Therefore this is all ironic preparation into Jonathan’s real journey into
the realms of the unknown.
- Eastern
setting and train delays also signify how time is not important in the
regions that Jonathan has been sent to work in. These areas operate on
rules that are alien to Jonathan and so he can’t look to objective
standards to make his experience seem reliable.
- Harker’s
background knowledge into the troubled pasts of the regions that he is travelling
in brings excitement to the narrative, both in the imagination of Harker
and the reader as the lands seem somewhat unknown and dangerous.
- Theme
of female sexuality introduced early on in the novel through Jonathan’s
judgement about the innkeeper’s wife’s apron.
- People
become more and more uncommunicative the closer Jonathan gets to the
Count’s Castle. They also become more and more superstitious talking about
the power of evil on St George’s day. There is a clash of superstitions
when a woman offers Jonathan some rosary beads to protect him as this
would be considered idolatrous by an ‘English Churchman’. Links religion
to superstition and perhaps even hints at corruption of religion by
superstition. Nonetheless Jonathan accepts symbolising religious faith of
all kinds must be used against the forces of evil Dracula represents.
- Jonathan’s
mixed feeling about the people using a range of religious and
superstitious practices to try and protect him shows start of uncertainty
in book. Jonathan asserts he is an ‘English Churchman’ but has already
accepted rosary beads and feels touched by the people’s concern. Suggests
he’s starting to question the protection his faith can offer him in the
near future.
- Nightmare
imagery from the moment that Jonathan steps into the Count’s carriage.

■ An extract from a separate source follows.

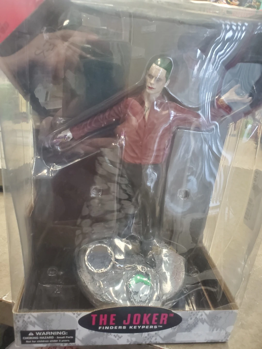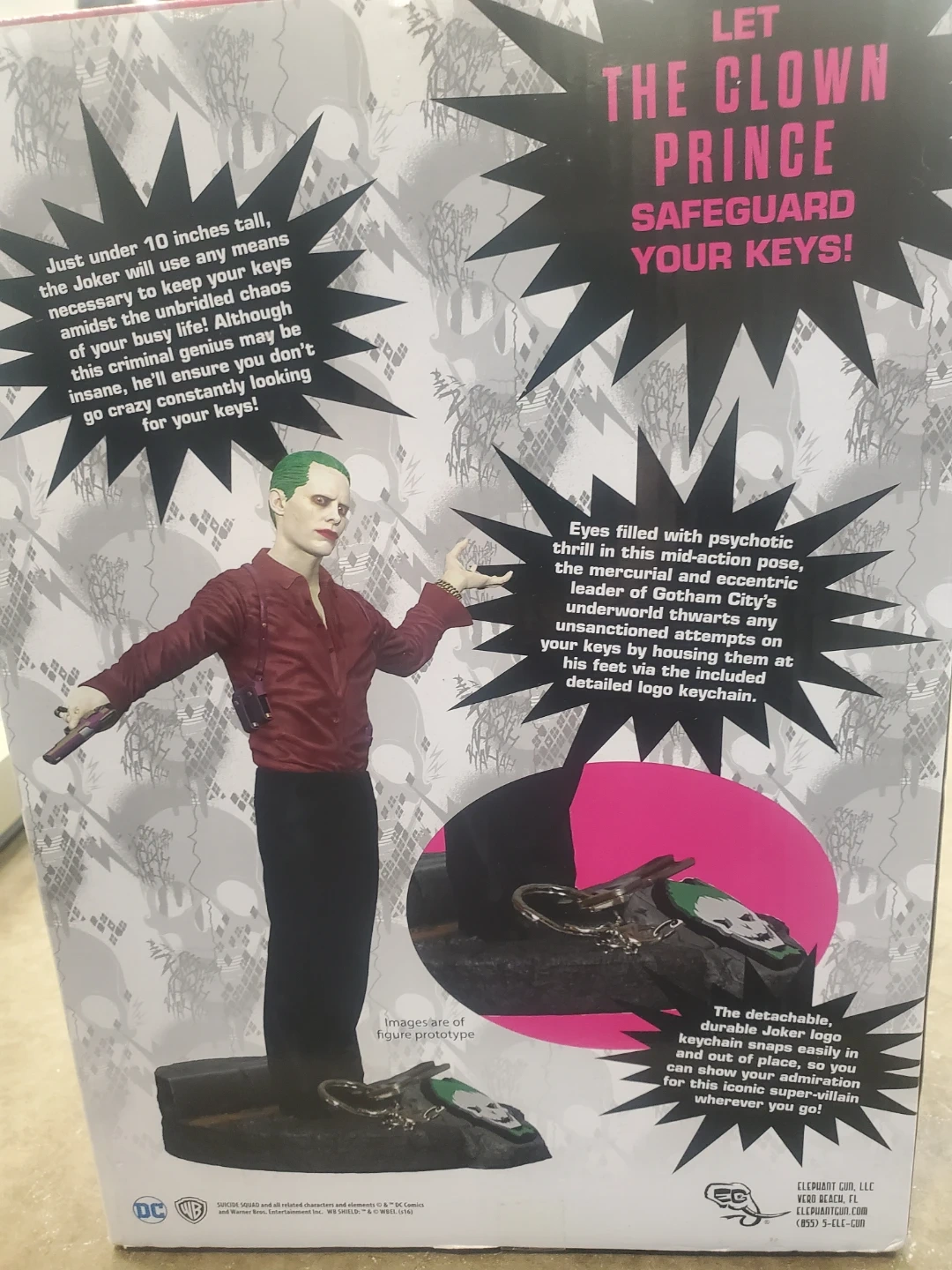 Selling The Joker Finders Keypers statue from Suicide Squad. The Joker will use any means necessary to keep your keys amidst the unbridled chaos of your busy life! He'll ensure you don't go crazy constantly looking for your keys! It stands just under 10 inches tall and features a detachable, durable metal logo keychain snaps easily in place, so you can show your admiration for this iconic super-villain wherever you go

Blue flames are strange and startling and Harker even thinks that under
their light he can see through the driver’s body. Houling of wolves and
the point where the carriage is surrounded by wolves is also v. scary.
Loses track of time- suddenly it is midnight. Loss of source of
objectivity into the confusing, distorted dream realm that Dracula
dominates.
- Chapter
finishes at the Castle. Stereotypical gothic setting, links to Freudian
imagery.
- Note
at the start of the Chapter says that the diary has been kept in short
hand. Suggests that Harker has something to hide and only wants it to be
shown to someone who knows how to write shorthand and can understand it to
transcribe it.
- Journey
represents move away from domestic bliss (Mina) to danger. Transition
highlighted from Harker admiring the picturesque beauty of the region to
fearing the startling dangers of the region and him becoming increasingly
uneasy.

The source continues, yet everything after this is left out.